The Weekly Update

A mixed week across asset classes saw the yield on the 10-year close 4bps lower at 2.86%, and the UST curve flatten; the 2s30s spread narrowed further, partly due to a better-than-expected 30-year auction. Meanwhile, global stock markets suffered a sell-off, the dollar was relatively flat, while Brent bounced over 5% to almost $80pb. In terms of key data, the third reading for Q1’18 US GDP disappointed at 2% (from 2.2%) while the US PCE report surprised to the upside at 2%yoy in May. China’s official PMI readings over the weekend remained strong, with the services reading beating expectations.

Meanwhile, “Protectionism” and “Trade-Wars” were some of the most commonly used phrases across newswires, with little sign of concerns abating anytime soon as Mr Trump marches ahead with his aggressive trade and investment policies. Just what he will achieve is completely unknown, but what we do know is that trade wars and protectionism are never a good thing for any nation, and are the greatest threat to global growth. Bond investors can thank ongoing concern over US tariffs and the sharp drop in Atlanta Fed’s GDPNow projections for the quarter and an increasing number of market participants calling 2018 tops for both stocks and Treasury yields.

Aside from trade rhetoric, reporters were seemingly obsessed with the weakening of the renminbi; with some claiming China is using the currency as a tool to counter potential trade effects. We see little indication that this is the case. Yes, the offshore renminbi has weakened recently due to a broadly stronger dollar and short-term market sentiment (although still remains amongst the better-performing currencies against the greenback so far this year). However, it seems to us rather counterintuitive to weaken a currency in the face of a US president who is desperate to name China a currency manipulator, and in a nation pushing for domestic-led consumption. Instead, we see the PBoC as allowing market forces a larger say in the exchange rate with little intervention (aside from managing volatility); evidenced by the fact that the country’s fx reserves have in fact remained stable, above USD3.1tn this year. The PBoC’s Q2’18 policy statement stated that it will maintain liquidity at “reasonable and ample” levels; which should help to stabilise the currency against a fragile global backdrop.

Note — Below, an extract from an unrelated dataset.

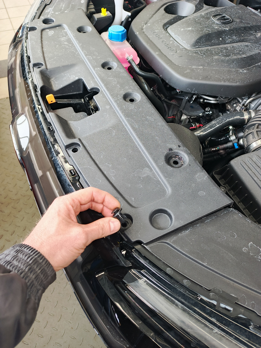 Далее снизу откручиваем болты и снимаем клипсы подкрылка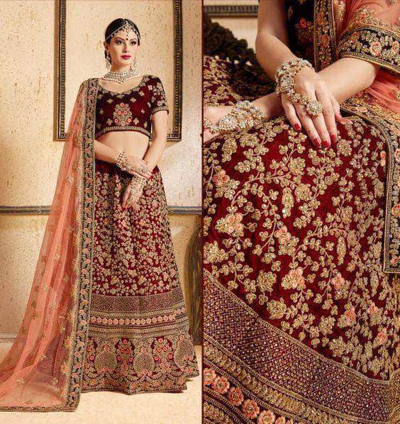 Bridal Lehenga or Wedding Lehenga are for your special day or a close family, friends weddings. Bridal lehengas are usually red or maron in color with extensive gold zari weaving. The traditional bridal lehengas have round cut with lot of ghera to give it a royal look. Wedding lehengas come with heavy embroidered cholis and heavy dupatta in pure fabrics.

Elsewhere, Mexicans headed to the much-awaited polls on Sunday, where left-wing Lopez Obrador won in a landslide victory; market reaction will be closely watched as the week progresses. As we enter the second half of the year, global markets will be closely watching the potential escalating Sino-US trade tensions as the US is due to impose USD34bn worth of tariffs on China on July 6th. The Fed minutes release on Thursday will also be of interest following the more hawkish meeting in June. The week will end with the all-important US employment report on Friday; with all eyes on average hourly earnings, currently expected at 0.3% mom and 2.8% yoy.

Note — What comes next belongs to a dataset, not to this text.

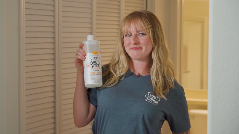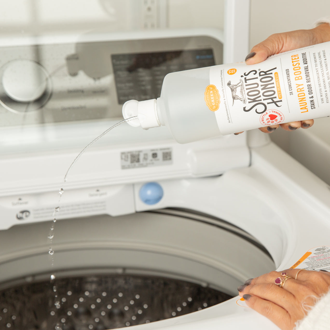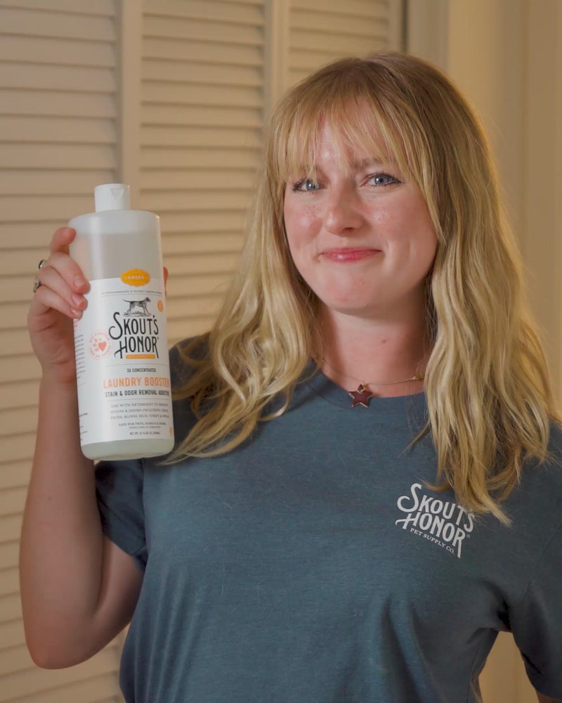 Skout’s Honor Laundry Booster is a wash-day essential for pet parents who want serious cleaning power without harsh chemicals, because let’s face it, pets have laundry too. Whether they sleep in your bed or leave their mess on your towels and blankets, this powerful formula levels up every load (up to 32 loads in every bottle). Powered by plant-based BioKore® and our award-winning mineral-based deodorizer, it breaks down stubborn stains and odors at the source, leaving pet bedding, clothing, and linens truly clean and fresh. It works in any water temperature, never expires, is compatible with HE washers and meets California Green Chemistry standards to deliver lasting results.

In terms of other key data, this morning kicked-off with the broadly in-line Caixin China manufacturing PMI. Later today we have the US ISM release, flash manufacturing PMI readings for Spain, Italy and the UK and eurozone unemployment print for May. Tuesday sees the May US factory orders and durable goods orders, which will be interesting after the disappointing April readings. A quiet day for US data on Wednesday as the nation celebrates Independence Day. Thursday’s US ADP employment reading, non-manufacturing ISM and German factory orders may garner some interest. Aside from the US employment report, the nation’s trade balance may be of interest on Friday.